═══ EXCERPTED RECORDS ═══
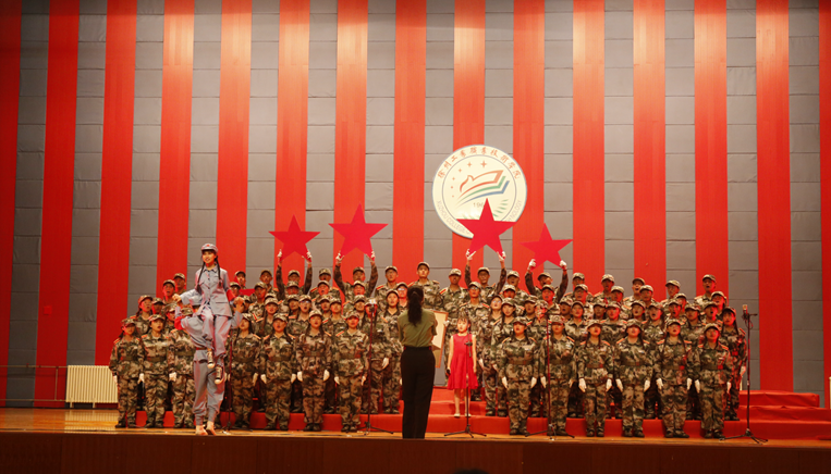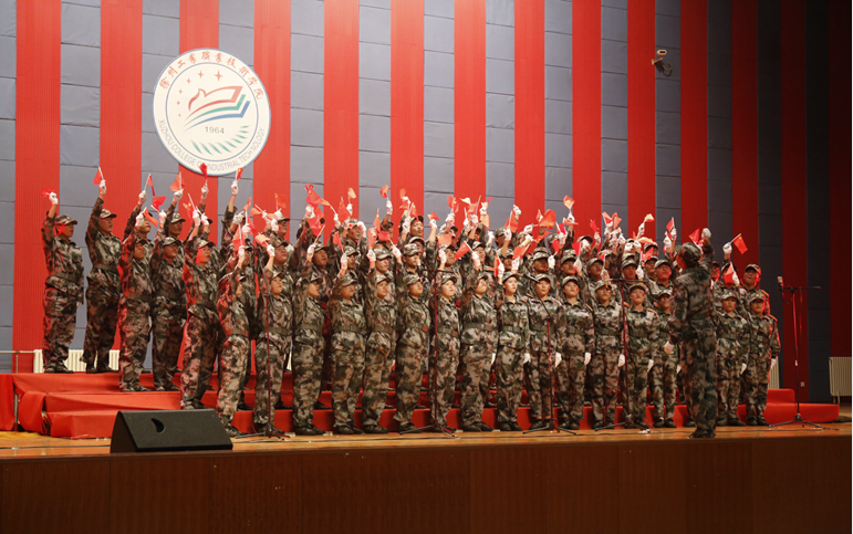 一营二连带歌曲《我们走在大路上》,以激昂的歌声唱出了新时代学子对中国特色社会主义的道路自信。
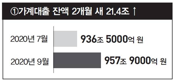 10월 13일 금융위원회와 금융감독원, 한국은행이 발표한 '2020년 9월 중 가계대출 동향(잠정)'은 '영끌 사회'의 맨 얼굴을 적나라하게 드러냈다. 지난 9월 은행의 가계대출 잔액은 전월 말과 비교해 9조6000억 원이 늘었다. 가계대출 증가액이 사상 최대치를 기록한 8월(11조7000억 원)에 이어 역대 두 번째 수준이다. 2개월 새 가계대출이 21조 원 넘게 폭증했다. 대한민국은 하루 3500억 원꼴로 가계대출이 늘고 있는 나라다.
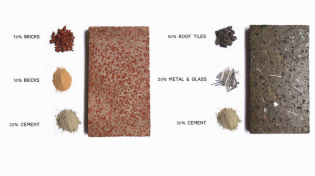 After numerous experiments using waste building materials and binders collected from demolitions, Hakkens discovered that he could recycle a large portion of construction debris and, by mixing it with 20–30% new cement, produce bricks capable of lasting up to 100 years. He also powders certain materials such as black roof tiles or red bricks to create pigments for coloring his products.
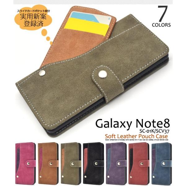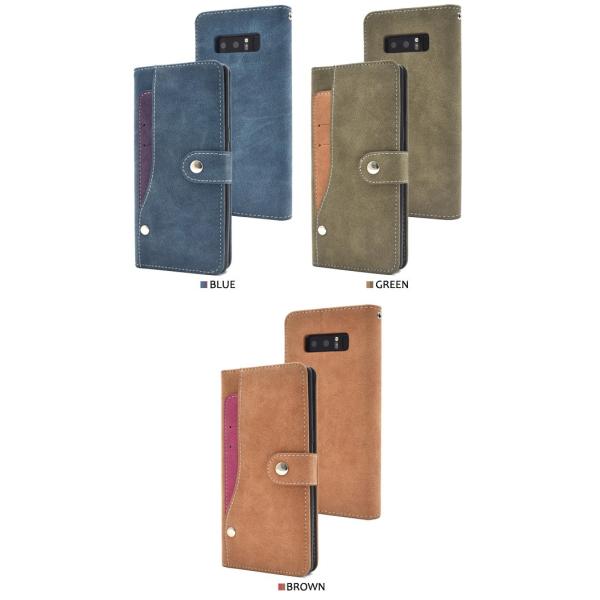 | 対応機種 Galaxy Note8 | Galaxy Note8 SC-01K SCV37 背面に2枚収納スライド式カード入れ、内側に2枚収納カードポケットとサイドポケット搭載 サイズ(約)縦166×横80×厚み20mm カラー ブルー ブラウン レッド ブラック パープル グリーン ピンク |
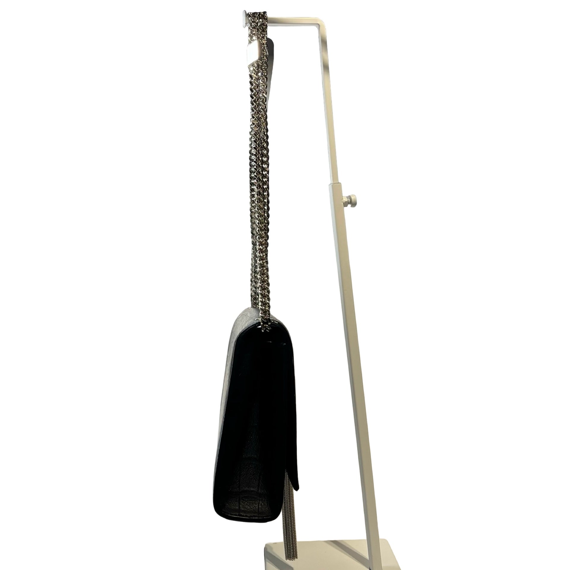 Used Saint Laurent Calfskin Leather Crocodile-Embossed Kate Tassel Chain Shoulder Bag Black PHW
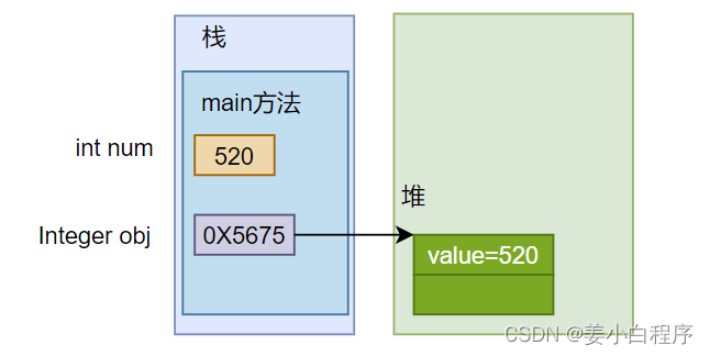 System.out.println(i == j);//falseInteger m = new Integer(1);//新new的在堆中
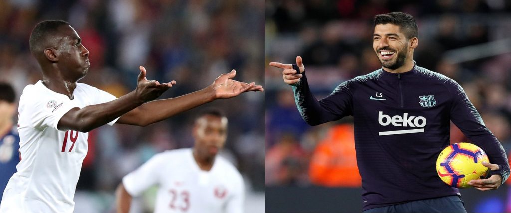 مقارنة كروية تبين الفارق بين مردود المعز علي نجم المنتخب القطري ومردود لويس سواريز مهاجم برشلونة الإسباني منذ انطلاق كأس أمم آسيا
═══
◆ **REQUIREMENT**
From the first line of the material to the last, retype everything exactly except the images.

◆ **SOLUTION TO THIS TASK**
 一营二连带歌曲《我们走在大路上》,以激昂的歌声唱出了新时代学子对中国特色社会主义的道路自信。
 10월 13일 금융위원회와 금융감독원, 한국은행이 발표한 '2020년 9월 중 가계대출 동향(잠정)'은 '영끌 사회'의 맨 얼굴을 적나라하게 드러냈다. 지난 9월 은행의 가계대출 잔액은 전월 말과 비교해 9조6000억 원이 늘었다. 가계대출 증가액이 사상 최대치를 기록한 8월(11조7000억 원)에 이어 역대 두 번째 수준이다. 2개월 새 가계대출이 21조 원 넘게 폭증했다. 대한민국은 하루 3500억 원꼴로 가계대출이 늘고 있는 나라다.
 After numerous experiments using waste building materials and binders collected from demolitions, Hakkens discovered that he could recycle a large portion of construction debris and, by mixing it with 20–30% new cement, produce bricks capable of lasting up to 100 years. He also powders certain materials such as black roof tiles or red bricks to create pigments for coloring his products.
 | 対応機種 Galaxy Note8 | Galaxy Note8 SC-01K SCV37 背面に2枚収納スライド式カード入れ、内側に2枚収納カードポケットとサイドポケット搭載 サイズ(約)縦166×横80×厚み20mm カラー ブルー ブラウン レッド ブラック パープル グリーン ピンク |
 Used Saint Laurent Calfskin Leather Crocodile-Embossed Kate Tassel Chain Shoulder Bag Black PHW
 System.out.println(i == j);//falseInteger m = new Integer(1);//新new的在堆中
 مقارنة كروية تبين الفارق بين مردود المعز علي نجم المنتخب القطري ومردود لويس سواريز مهاجم برشلونة الإسباني منذ انطلاق كأس أمم آسيا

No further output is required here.